# Week 3: Expectations and Variance

**Course:** Statistics for Data Science II (BSMA1004)  
**Week:** 3 of 12

## Learning Objectives
- Master expectation and variance for functions of random variables
- Apply Law of Total Expectation and Total Variance
- Compute variance of sums of random variables
- Use moment generating functions
- Apply to real data science problems

In [None]:
import numpy as np
import pandas as pd
import matplotlib.pyplot as plt
import seaborn as sns
from scipy import stats
from scipy.special import factorial

np.random.seed(42)
plt.style.use('seaborn-v0_8-whitegrid')
%matplotlib inline

print('✓ Libraries loaded')

## 1. Expected Value of Functions

### Definition
For function g(X):

**Discrete:** $E[g(X)] = \sum_x g(x) p_X(x)$

**Continuous:** $E[g(X)] = \int_{-\infty}^{\infty} g(x) f_X(x) dx$

### Properties
1. $E[aX + b] = aE[X] + b$ (linearity)
2. $E[X + Y] = E[X] + E[Y]$ (always true!)
3. If X, Y independent: $E[XY] = E[X]E[Y]$
4. $E[X^2] \geq E[X]^2$ (Jensen's inequality for convex)

In [None]:
# Example: Expected value of X²
# Let X ~ Binomial(n=10, p=0.5)
n, p = 10, 0.5
X_vals = np.arange(0, n+1)
pmf = stats.binom.pmf(X_vals, n, p)

# E[X]
E_X = np.sum(X_vals * pmf)
print(f"E[X] = {E_X:.3f}")
print(f"Theoretical: n*p = {n*p}")

# E[X²]
E_X2 = np.sum(X_vals**2 * pmf)
print(f"\nE[X²] = {E_X2:.3f}")

# Verify Jensen: E[X²] ≥ (E[X])²
print(f"E[X²] = {E_X2:.3f} ≥ (E[X])² = {E_X**2:.3f} ✓")

# Visualize
fig, axes = plt.subplots(1, 2, figsize=(14, 5))

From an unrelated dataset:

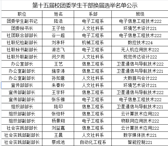 以上名单为2023年6月第十五届校团委学生干部换届选举名单,特此公示。

axes[0].bar(X_vals, pmf, alpha=0.7, color='steelblue')
axes[0].axvline(E_X, color='red', linestyle='--', label=f'E[X]={E_X:.1f}')
axes[0].set_xlabel('X', fontsize=12)
axes[0].set_ylabel('P(X)', fontsize=12)
axes[0].set_title('Distribution of X', fontweight='bold')
axes[0].legend()
axes[0].grid(axis='y', alpha=0.3)

axes[1].bar(X_vals, X_vals**2 * pmf, alpha=0.7, color='green')
axes[1].axvline(E_X, color='red', linestyle='--', label=f'E[X]={E_X:.1f}')
axes[1].set_xlabel('X', fontsize=12)
axes[1].set_ylabel('X² × P(X)', fontsize=12)
axes[1].set_title('E[X²] Calculation', fontweight='bold')
axes[1].legend()
axes[1].grid(axis='y', alpha=0.3)

plt.tight_layout()
plt.show()

## 2. Variance Properties

### Definition
$$\text{Var}(X) = E[(X - E[X])^2] = E[X^2] - (E[X])^2$$

### Key Properties
1. $\text{Var}(aX + b) = a^2 \text{Var}(X)$ (constant doesn't affect variance)
2. $\text{Var}(X + Y) = \text{Var}(X) + \text{Var}(Y) + 2\text{Cov}(X,Y)$
3. If X, Y independent: $\text{Var}(X + Y) = \text{Var}(X) + \text{Var}(Y)$
4. $\text{Var}(X - Y) = \text{Var}(X) + \text{Var}(Y) - 2\text{Cov}(X,Y)$

In [None]:
# Example: Variance of sum
# Independent case
np.random.seed(42)
n_samples = 10000

X = np.random.normal(5, 2, n_samples)  # mean=5, std=2
Y = np.random.normal(3, 1.5, n_samples)  # mean=3, std=1.5

# X + Y
Z = X + Y

print("Independent Variables:")
print(f"Var(X) = {np.var(X, ddof=1):.3f}")
print(f"Var(Y) = {np.var(Y, ddof=1):.3f}")
print(f"Var(X+Y) = {np.var(Z, ddof=1):.3f}")
print(f"Var(X) + Var(Y) = {np.var(X, ddof=1) + np.var(Y, ddof=1):.3f} ✓")

# Dependent case
Y_dep = 0.8 * X + np.random.normal(0, 0.5, n_samples)  # Correlated
Z_dep = X + Y_dep
cov_xy = np.cov(X, Y_dep)[0, 1]

print("\nDependent Variables:")
print(f"Var(X) = {np.var(X, ddof=1):.3f}")
print(f"Var(Y) = {np.var(Y_dep, ddof=1):.3f}")
print(f"Cov(X,Y) = {cov_xy:.3f}")
print(f"Var(X+Y) = {np.var(Z_dep, ddof=1):.3f}")
print(f"Var(X) + Var(Y) + 2Cov(X,Y) = {np.var(X, ddof=1) + np.var(Y_dep, ddof=1) + 2*cov_xy:.3f} ✓")

# Visualize
fig, axes = plt.subplots(1, 2, figsize=(14, 5))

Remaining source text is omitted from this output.